The response of the ocean circulation to this correction is linked with the way mixing is parameterized in ocean model components. Subgrid-scale mixing in ocean models is classically represented as lateral diffusion of momentum, heat, and salt. But in order to account for the fact that mixing is most efficient along isopycnal surfaces, the mixing tensor is usually rotated (Redi 1982). Eddy-induced mixing is also shown to be important and is parameterized in ocean models using the Gent–McWilliams (GM) scheme (Gent and McWilliams 1990; Gent et al. 1995). In the GM scheme, eddy-induced mixing is represented as an additional velocity field, the bolus velocity, which is proportional to the slope gradient of the isopycnals. Where isopycnals are steep, this bolus velocity contributes substantially to the general circulation (Danabasoglu et al. 1994) with their strongest effect in the Southern Ocean. Since the restoration of the global salt balance induces surface buoyancy fluxes, which change the position of outcropping isopycnals, an anomalous bolus velocity is expected. Here we quantify the effect of changes in the bolus velocity and show their important role in producing sea surface temperature anomalies.

The paper is organized as follows. In section 2 we present the two coupled models and the experimental setup. Section 3 discusses the ocean model response to various freshwater fluxes.
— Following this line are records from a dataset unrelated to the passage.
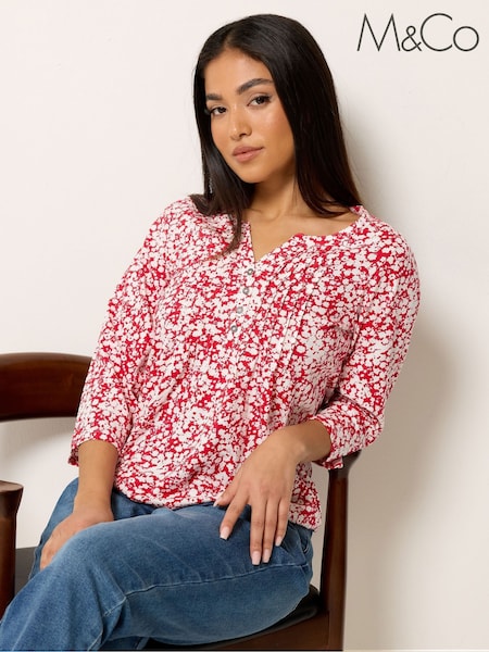 أحمر - بلوزة Henley قطنية بأكمام قصيرة من M&Co
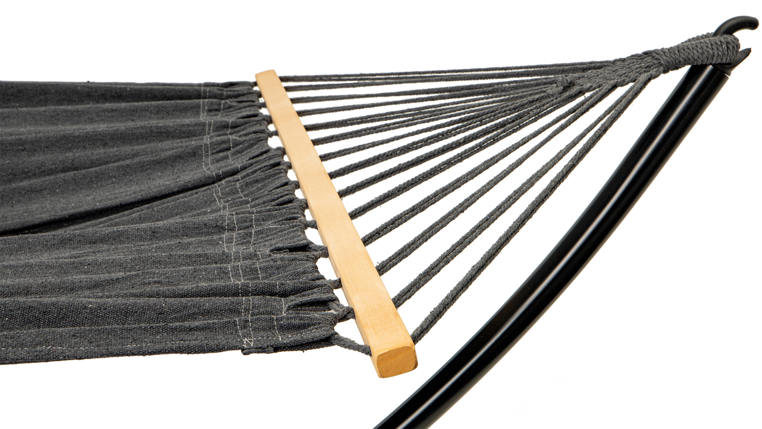 The hammock is made of durable fabric which conforms comfortably to the body. Wooden spreader bars woven with supporting cords ensure the lying surface remains properly taut and flat.
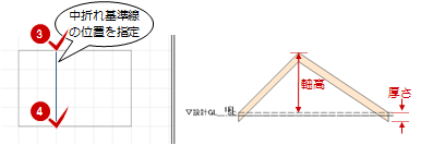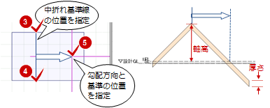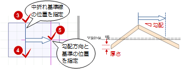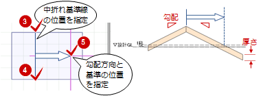タイプ 操作 片流れの勾配と基準位置を指定する場合
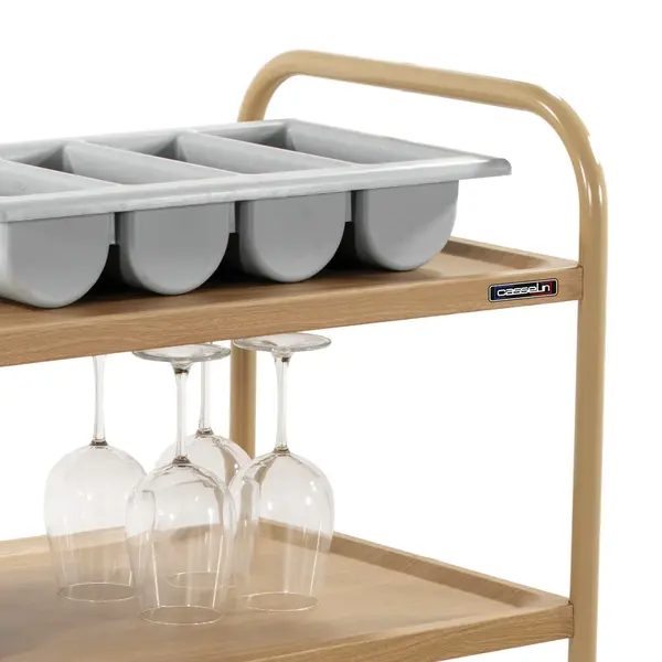 De serveerwagen is gemaakt van hoogwaardig RVS met beige epoxygelakte buizen en niveaus met houtlook afwerking. De wagen is eenvoudig te monteren en de geremde zwenkwielen zijn voorzien van stootringen, voor veilig en comfortabel gebruik.
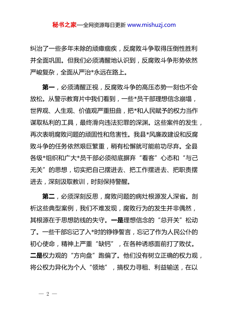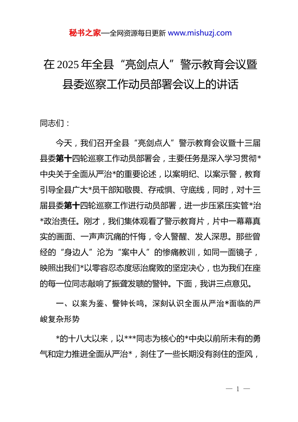 秘书之家—全网资源每日更新 www.mishuzj.com在 2025 年全县“亮剑点人”警示教育会议暨县委巡察工作动员部署会议上的讲话同志们:今天,我们召开全县“亮剑点人”警示教育会议暨十三届县委第十四轮巡察工作动员部署会,主要任务是深入学习贯彻*中央关于全面从严治*的重要论述,以案明纪、以案示警,教育引导全县广大*员干部知敬畏、存戒惧、守底线,同时,对十三届县委第十四轮巡察工作进行动员部署,进一步压紧压实管*治*政治责任。刚才,我们集体观看了警示教育片,片中一幕幕真实的画面、一声声沉痛的忏悔,令人警醒、发人深思。那些曾经的“身边人”沦为“案中人”的惨痛教训,如同一面镜子,映照出我们*以零容忍态度惩治腐败的坚定决心,也为我们在座的每一位同志敲响了振聋发聩的警钟。下面,我讲三点意见。一、以案为鉴、警钟长鸣,深刻认识全面从严治*面临的严峻复杂形势*的十八大以来,以***同志为核心的*中央以前所未有的勇气和定力推进全面从严治*,刹住了一些长期没有刹住的歪风,— 1 —秘书之家—全网资源每日更新 www.mishuzj.com纠治了一些多年未除的顽瘴痼疾,反腐败斗争取得压倒性胜利并全面巩固。但我们必须清醒地认识到,反腐败斗争形势依然严峻复杂,全面从严治*永远在路上。第一,必须清醒正视,反腐败斗争的高压态势一刻也不会放松。从警示教育片中我们看到,一些*员干部理想信念崩塌,世界观、人生观、价值观严重扭曲,把*和人民赋予的权力当作谋取私利的工具,最终滑向违法犯罪的深渊。这些案件的发生,再次表明腐败问题的顽固性和危害性。我县*风廉政建设和反腐败斗争的任务依然艰巨繁重,稍有松懈就可能前功尽弃。全县各级*组织和广大*员干部必须彻底摒弃“看客”心态和“与己无关”的思想,切实把自己摆进去、把工作摆进去、把职责摆进去,深刻汲取教训,时刻保持警醒。第二,必须深刻反思,腐败问题的病灶根源发人深省。剖析这些典型案例,我们不难发现,腐败行为的发生并非偶然,其根源在于思想防线的失守。一是理想信念的“总开关”松动了。一些干部忘记了入*时的铮铮誓言,忘记了作为人民公仆的初心使命,精神上严重“缺钙”,在各种诱惑面前打了败仗。二是权力观的“方向盘”跑偏了。他们没有树立正确的权力观,将公权力异化为个人“领地”,搞权力寻租、利益输送,在以— 2 —秘书之家—全网资源每日更新 www.mishuzj.com权谋私的道路上越走越远。三是纪律规矩的“高压线”触碰了。这些人对 dj 国法缺乏敬畏之心,心存侥幸,认为“天知地知、你知我知”,殊不知“天网恢恢,疏而不漏”,任何违纪违法行为都必将受到严惩。四是自我约束的“防火墙”失效了。面对“糖衣炮弹”的攻击,他们放松了警惕,沉溺于吃喝玩乐,热衷于拉关系、搞“小圈子”,最终被别有用心之人“围猎”,一步步陷入泥潭。这些血的教训告诉我们,思想上的滑坡是最危险的滑坡,信念上的动摇是最致命的动摇。第三,必须扛牢责任,管*治*的政治担当一丝也不能懈怠。全面从言治*是各级*组织的政治责任。从查处的案件看,一些单位之所以问题多发,一个重要原因就是管*治*责任虚化、弱化、边缘化。有的*组织负责人履行“第一责任人”职责不力,对干部疏于教育、管理和监督,搞“好人主义”,奉行“无为而治”;有的班子成员落实“一岗双责”不到位,对分管领域的干部队伍状况不甚了了,只重业务不重廉政。这种失之于宽、失之于软的状况,必须彻底改变。全县各级*组织要切实担负起主体责任,敢于较真、敢于碰硬,真正把严的要求贯彻到管*治*全过程、落实到干部队伍建设各方面。二、标本兼治、固本培元,全面筑牢拒腐防变的思想和制— 3 —秘书之家—全网资源每日更新 www.mishuzj.com度防线警示教育的最终目的,在于治病救人、防患于未然。全县广大*员干部要以案为戒,深刻自省,举一反三,在思想深处和行动自觉上筑起一道坚不可摧的防线。一要筑牢理想信念之基,永葆对*忠诚的政治本色。理想信念是共产*人精神上的“钙”。没有理想信念,或者理想信念不坚定,精神上就会“缺钙”,就会得“软骨病”。全县*员干部要把学习贯彻**************思想作为首要政治任务,...
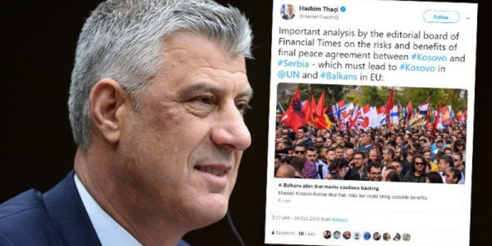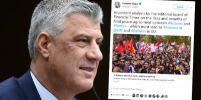 - Značajna analiza redakcije ''Fajnenšal tajmsa'' o rizicima i dobrobitima konačnog mirovnog sporazuma između Kosova i Srbije - koji mora da vodi učlanjenju Kosova u UN i Balkana u EU - objavio je Tači juče na Tviteru uz link koji vodi do teksta britanskog lista.
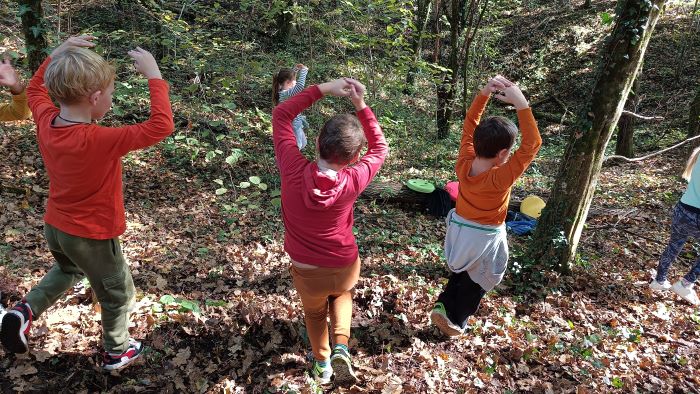 Tretješolci so izdelali avtoportrete iz naravnih materialov, iskali geometrijske oblike in simbole ter izdelali potovalno palico. Iskali so gozdna znamenja in izvajali gibalno nalogo »Gozdni gibalčki«. Oponašali so gibanje živali iz pesmi in prenašali gibalni izraz v zvok, ki so ga ustvarili z naravnim materialom. Sestavili so slikovni zapis pesmi in melodije z materialom, ki so ga našli v gozdu.
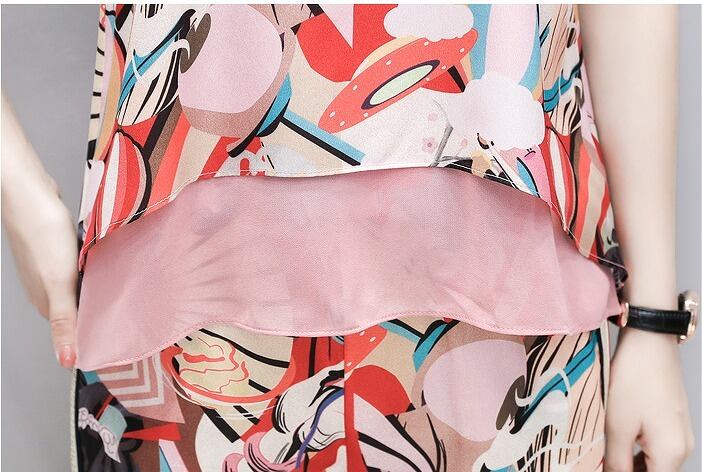 大きいサイズレディース ノースリーブトップス&パンツ セットアップ 上下セット 半袖 五分袖 春夏 キャミソール【S8885097】
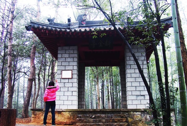 斷金亭 在梁山支脈狗頭山,西臨懸崖巨壑。是當年林沖為納晁蓋等七好漢入伙,火并白衣秀士王倫的地方。現已修復斷金亭,并在亭下修建 。
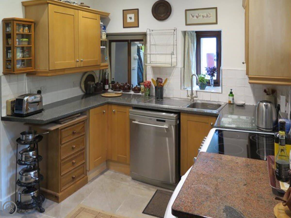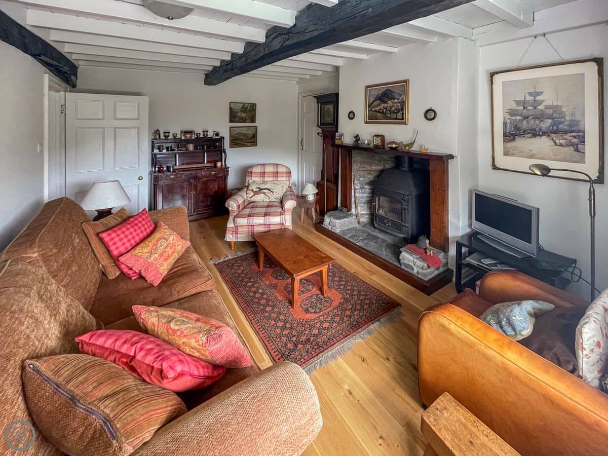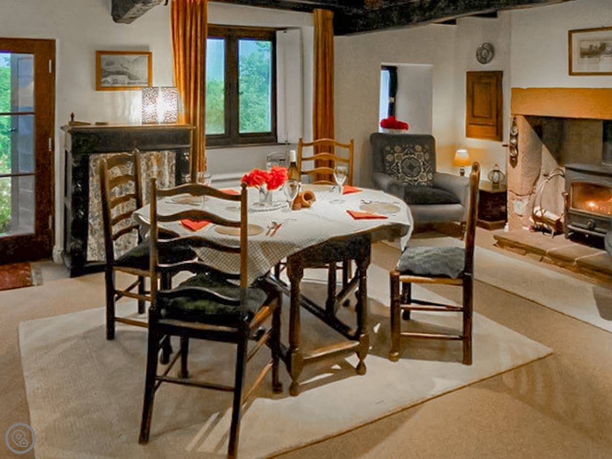 There are two wood-burning stoves, one in the sitting room and one in the dining room. The kitchen has what you need. It's got a 3 Star rating, so it's comfortable and clean but it's not a show home. It's a proper old house.
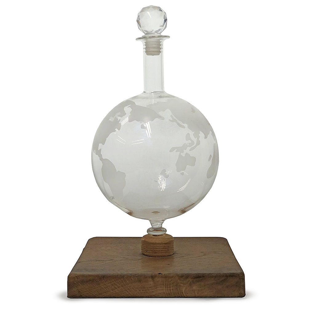 ETCHED GLASS DECANTER AND STOPPER IN THE FORM OF THE GLOBE ON SQUARE WOOD PLINTH 28 CM HIGH
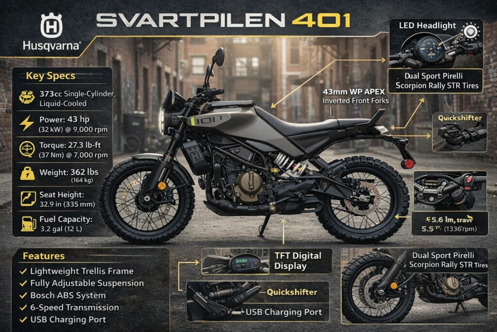 Its combination of manageable power, refined ride quality, modern tech, and distinctive styling makes Svartpilen 401 a versatile all-rounder.
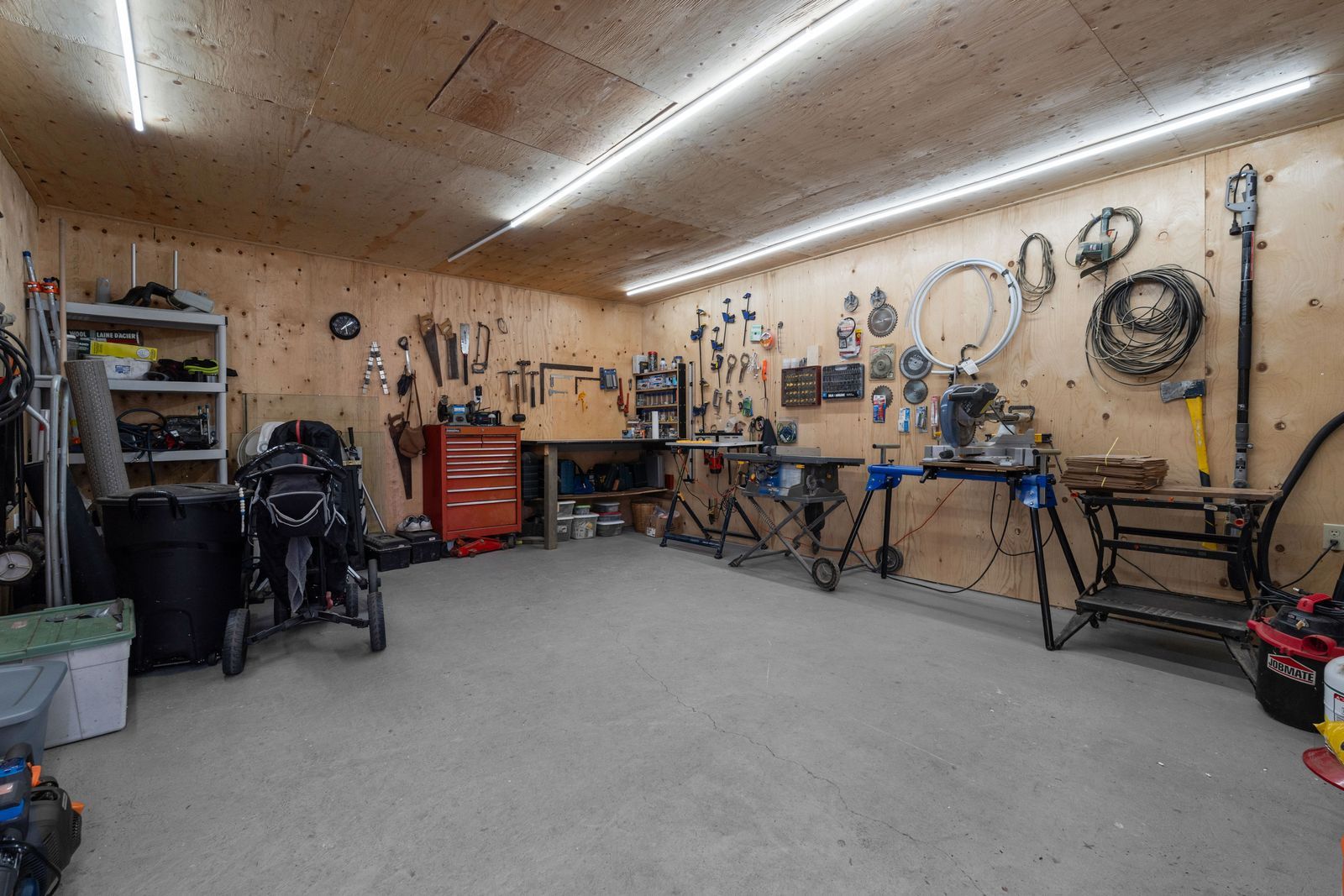 • Two garages provide ample storage and workspace options.
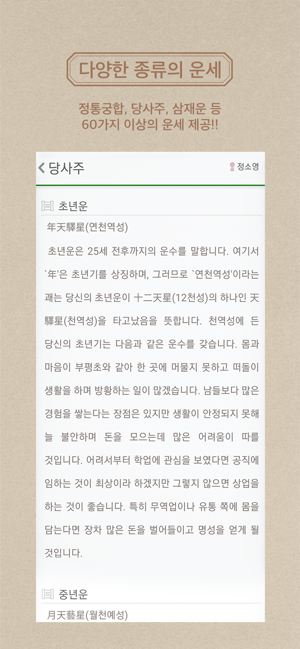 **토정비결,신년운세,월별운세,삼재운은 좌우로 슬라이드하여 과거 미래의 운세를 확인할 수 있습니다.****본인,가족, 친구 등의 운세를 보는데 있어 최적의 인터페이스****서버방식이 아니라 회원가입이 없으며, 어떠한 개인정보를 저장하지 않습니다.****모든 운세는 평생 보실 수있으며, 기간제한이나 인원제한이 없습니다.**▷▶운세구성- 오늘의 운세매일 총운,애정운,재물운,건강운,방향운,코디운,음식운 등 7가지 오늘의운세 무료 제공- 오늘의 재수떼기정전역해 즉석점을 통해 오늘의 점괘 무료 제공- 꿈해몽15,000개 이상의 방대한 꿈해몽 데이타를 모두 담아놓은 명품 꿈해몽 무료 제공- 월별운세(좌우로 슬라이드하여 이전달 다음달 월별운세를 볼 수 있음)매월 총운,애정운,금전운,이달의변화,이달의 인간관계,건강운,주의사항 등 8가지 명품 월별운세- 토정비결(좌우로 슬라이드하여 작년 내년 토정비결을 볼 수 있음)올해는 물론 과거, 미래의 토정비결을 토탈 서비스로 제공하며, 총평/현대적풀이/월별운세 등의 방대한 분량의 내용이 제공되는 명품 토정비결- 신년운세(좌우로 슬라이드하여 작년 내년 신년운세를 볼 수 있음)올해의 흐름과화두,올해의지침,부자가될까,금전관리,애정흐름 등의 명품 신년운세 - 분석남녀별자리,띠,혈액형,이름 등을 통한 심층적인 분석남녀 무료 제공- 정통궁합인연궁합,애정궁합,재물궁합,결혼궁합,자녀궁합,최종조언 등 다양하고 방대한 분량의 명품 궁합- 당사주총운,초년운,중년운,말년운,성품론,자식운,부부금술운,직업운 등의 정확하게 해석한 명품 당사주- 재미운세별자리,띠,혈액형으로 보는 재미운세 무료제공!!- 삼재운(좌우로 슬라이드하여 작년 내년 삼재운을 볼 수 있음)12년 주기로 3년간 이어지는 삼재운과 상세한 삼재풀이 무료 제공- 성명풀이한글의 수리발음오행을 통한 성명풀이 무료 제공▷▶특징 사용자등록을 통해 자신의 운세 및 가족, 친구들의 운세를 모두 볼 수 있습니다. ▷▶사용방법운세메뉴선택> 사용자추가> 운세결과운세메뉴선택> 가족,친구등의 사용자추가
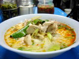 クイッティアオ(麺)はタイで大まかに4種類存在している。「バミー」と呼ばれる黄色い中華麺、「センミー」は極細米麺、「センレック」は細米麺、そして「センヤイ」は太米麺である。私はいつもここで"米麺''という表現を使っているが、これはつまりビーフンの事である。日本人は「ビーフン」と聞くと少し違う料理のイメージに捉えてしまいがちなので敢えて「米麺」という表現を使っている。この麺の名前の後に「汁有り」との意味がある「ナーム(水)」を付けるといわゆるラーメンになる。逆に汁無しと言う意味の「ヘン(本来は”乾く''との意味)」という言葉を付けると汁無しそばになる。どのクイッティアオ料理でもだいたい味は薄めで店からは提供されるので、卓上で右写真の調味料セットを使い、自分好みの味にするのがタイ人流。 よくタイ料理本を見ると「クイッティアオ・ナーム」と料理名が記載されている事があるが、この名前を屋台の店員に言っても「は? で、何にするの?」と例外なく聞き返される。(7月28日) |
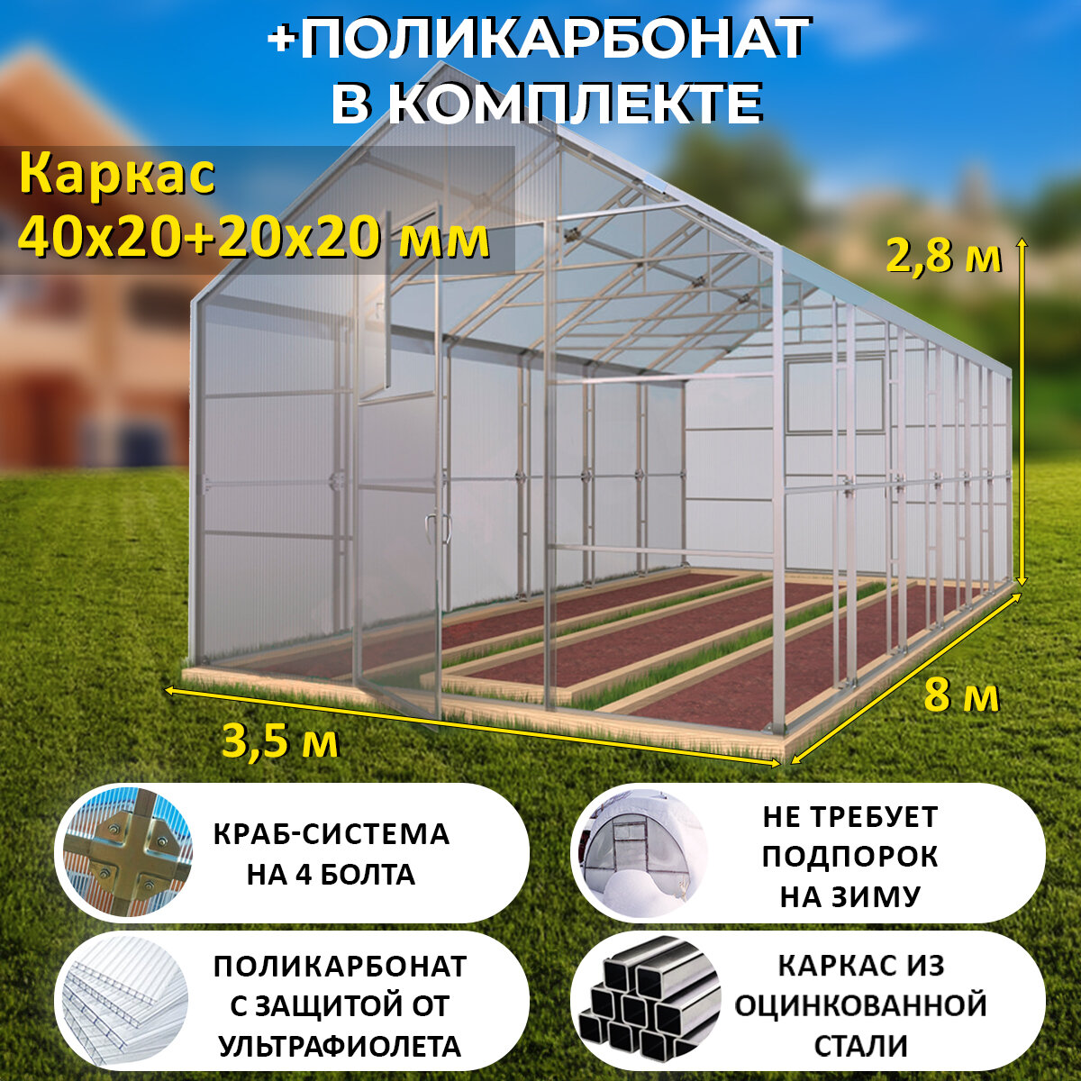 Теплица Двускатная (Поликарбонат в комплекте) 3.5 х 8 метров, оцинкованный каркас 40х20+20x20 мм - Домик Премиум информация:

A dynamic feedback producing characteristic far-field responses is presented in section 4, and the time evolution of different heat source components is given in section 5. Conclusions follow in section 6.

2. Model setup and experiments

The first model we use is the Community Climate System Model, version 3 (CCSM3), developed at the National Center of Atmospheric Research (NCAR) in the low-resolution version (Yeager et al. 2006). This model has a T31 resolution in the atmosphere and a 3° resolution in the ocean increasing to 0.9° toward the equator. To best resolve the North Atlantic in such a coarse-resolution version, the pole was put onto Greenland slightly farther south than in the Community Climate System Model, version 2 (CCSM2), thereby improving the resolution of important basins such as the Labrador and Greenland Seas. We use the 25-layer configuration in the ocean; vertical diffusivity is set at 0.4 × 10−4 m2 s−1. The model produces a stable MOC in the Atlantic at about 16 Sv (1 Sv ≡ 106 m3 s−1), which unlike in the low-resolution version of CCSM2 is stable and consistent with observational estimates (Ganachaud 2003; Talley et al. 2003). The model does not require flux adjustments and provides a good climatology within the realm of the resolution (Yeager et al. 2006). It is therefore an excellent tool for long-term simulations and for ensemble simulations, which are both required in paleoclimate modeling.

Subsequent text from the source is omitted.